--- DATA TO USE ---
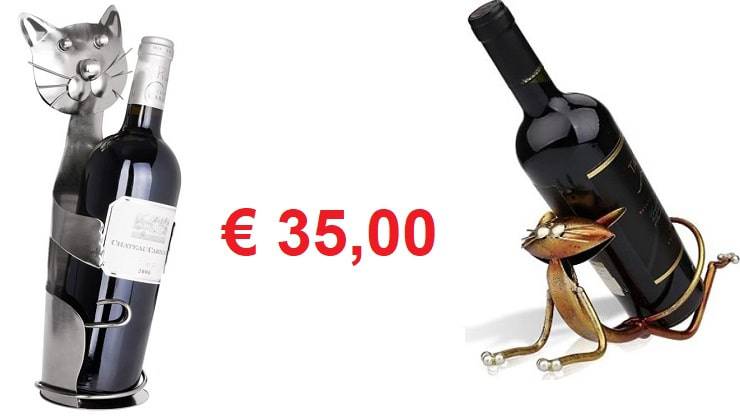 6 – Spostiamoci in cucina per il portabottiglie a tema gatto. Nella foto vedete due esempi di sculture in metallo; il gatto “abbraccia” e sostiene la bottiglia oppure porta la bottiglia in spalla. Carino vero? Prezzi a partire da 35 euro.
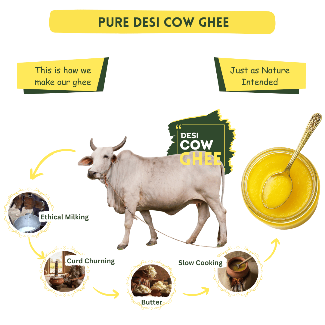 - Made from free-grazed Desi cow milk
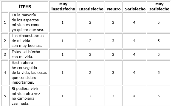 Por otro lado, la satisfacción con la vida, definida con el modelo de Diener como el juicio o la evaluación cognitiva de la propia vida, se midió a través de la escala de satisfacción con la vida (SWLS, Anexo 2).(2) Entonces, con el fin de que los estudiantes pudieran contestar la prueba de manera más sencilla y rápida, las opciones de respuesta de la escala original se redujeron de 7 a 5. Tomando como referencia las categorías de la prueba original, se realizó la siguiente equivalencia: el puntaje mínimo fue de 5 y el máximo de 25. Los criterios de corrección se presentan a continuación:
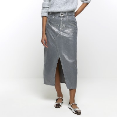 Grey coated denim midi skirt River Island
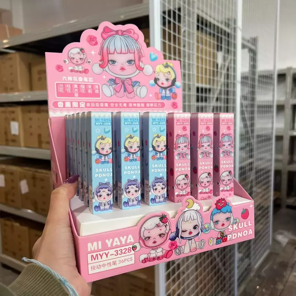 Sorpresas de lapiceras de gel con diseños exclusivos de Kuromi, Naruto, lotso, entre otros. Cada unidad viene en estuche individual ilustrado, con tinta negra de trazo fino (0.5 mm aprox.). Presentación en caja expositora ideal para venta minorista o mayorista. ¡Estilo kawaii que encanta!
---
--- DATA TO USE ---
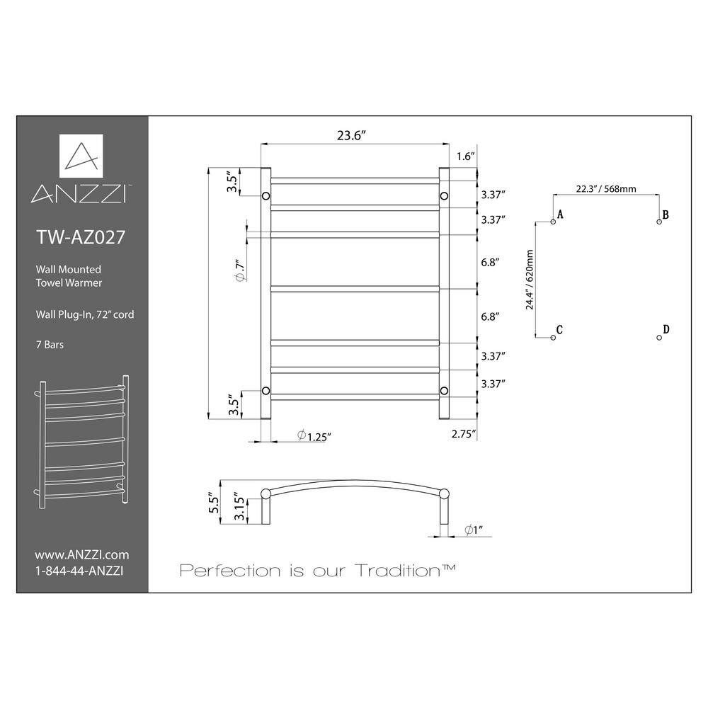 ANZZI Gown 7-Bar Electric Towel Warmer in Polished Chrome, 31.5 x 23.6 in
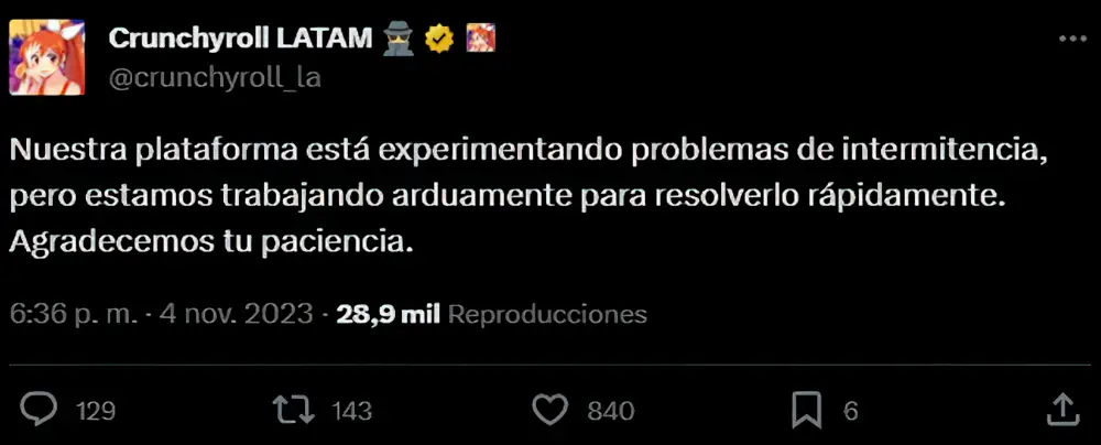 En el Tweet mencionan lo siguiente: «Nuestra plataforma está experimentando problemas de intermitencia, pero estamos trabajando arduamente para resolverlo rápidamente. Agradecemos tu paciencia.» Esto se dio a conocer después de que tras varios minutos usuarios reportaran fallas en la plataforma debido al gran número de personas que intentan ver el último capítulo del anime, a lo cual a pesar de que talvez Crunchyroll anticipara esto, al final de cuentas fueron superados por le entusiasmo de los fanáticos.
---
--- DATA TO USE ---
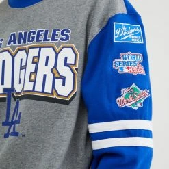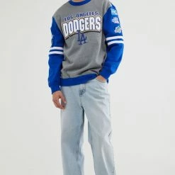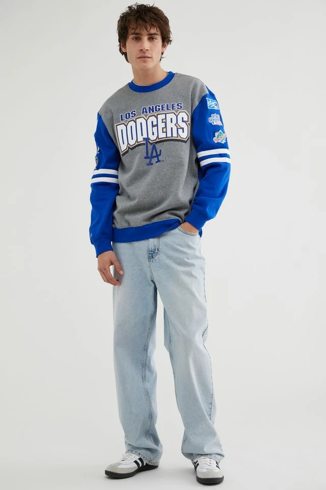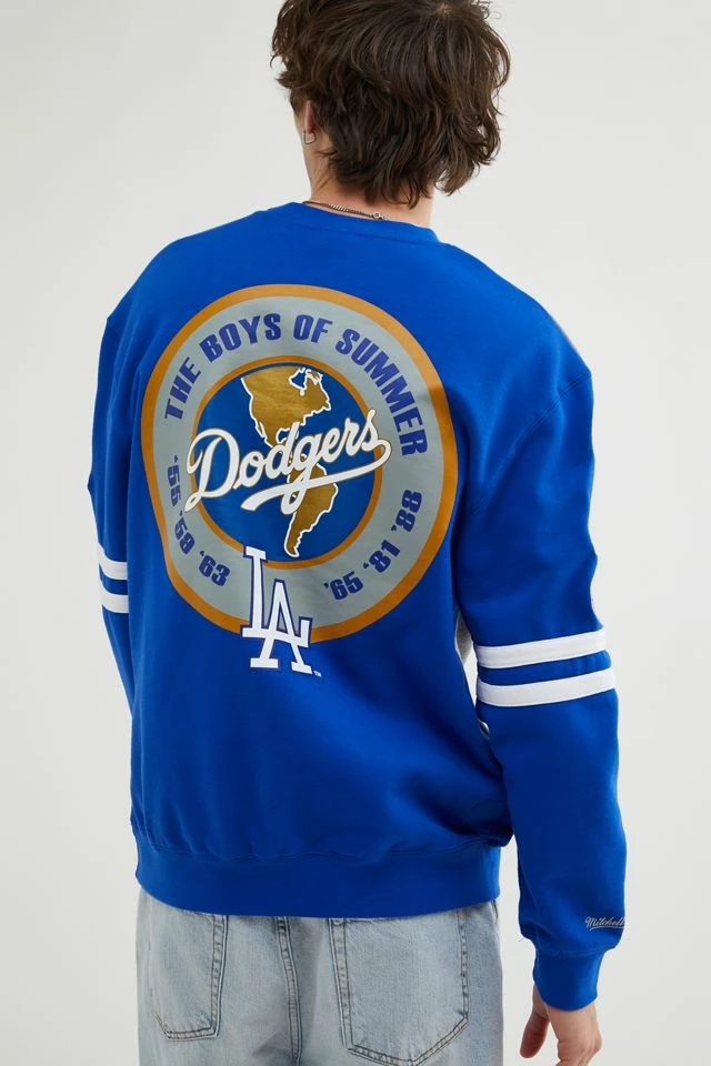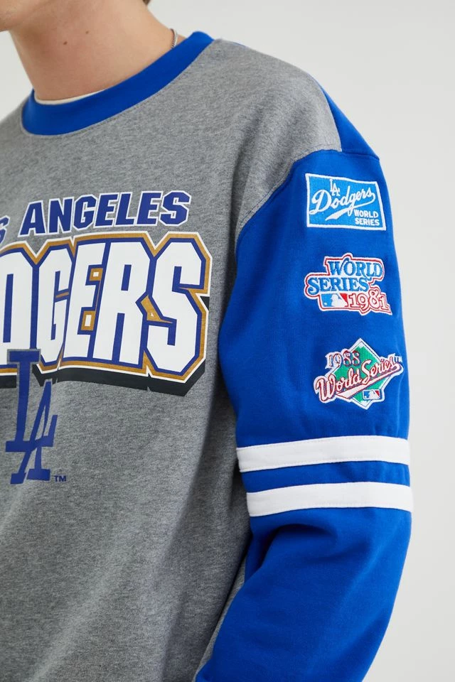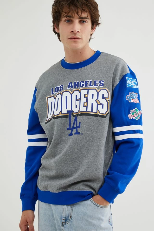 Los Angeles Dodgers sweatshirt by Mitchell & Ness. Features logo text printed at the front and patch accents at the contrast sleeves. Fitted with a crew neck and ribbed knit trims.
---
**EXERCISE DETAILS:** The lines above from the line with "6 – Spostiamoci" through the line with "- Made from free-grazed Desi cow milk" are to be given again word for word, with no pictures among them.

**RESPONSE AREA:**
 6 – Spostiamoci in cucina per il portabottiglie a tema gatto. Nella foto vedete due esempi di sculture in metallo; il gatto “abbraccia” e sostiene la bottiglia oppure porta la bottiglia in spalla. Carino vero? Prezzi a partire da 35 euro.
 - Made from free-grazed Desi cow milk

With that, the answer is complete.